Integrating Radiology Technology and Patient Care
Episode

Michael Cecil, Director of Advanced Imaging at Virginia Mason Medical Center

Integrating Radiology Technology and Patient Care

Communication technologies can significantly improve collaboration and efficiency within interventional radiology.

In today’s episode, Michael Cecil, Director of Advanced Imaging at Virginia Mason Medical Center, dives into the ever-evolving field of radiology and the challenges in integrating different systems in radiology departments, emphasizing the need for a vendor-neutral solution to maintain revenue streams. Discussing interventional radiology challenges during the pandemic, Michael emphasizes the significance of effective communication technologies. He advocates for a collaborative approach in healthcare, facilitating the cooperation of various specialists and touches upon the meticulous management of HIPAA compliance and data integrity in healthcare facilities. He also underscores the significance of patient engagement and advocates for radiology equipment that prioritizes patient comfort.

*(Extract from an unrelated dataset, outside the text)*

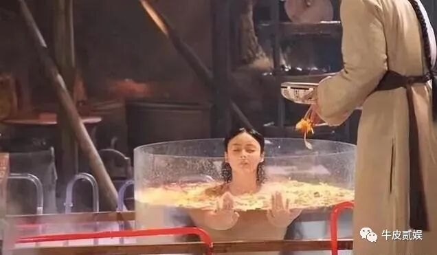 可实际上拍戏时正值冬天,寒风凛冽,浴桶里根本没有水,得亏里面还藏着一个小太阳,这段洗澡戏才勉强拍完。

Get ready for an enlightening discussion on the heart of patient-centric radiology, advocating for comfort, transparency, and collaborative healthcare practices. 

Integrating Radiology Technology and Patient Care

About Michael Cecil:

Michael Cecil began his Radiology career in 1987 in the USAF (Air Force), where he was fortunate enough to be trained in Diagnostic Imaging, CT, MR, and in Interventional Radiology. He spent his 30-plus years in the field working in multiple settings, from level 1 trauma hospitals to rural clinics, also worked on the commercial side of Radiology as an Advanced Applications for Siemens Medical Solutions.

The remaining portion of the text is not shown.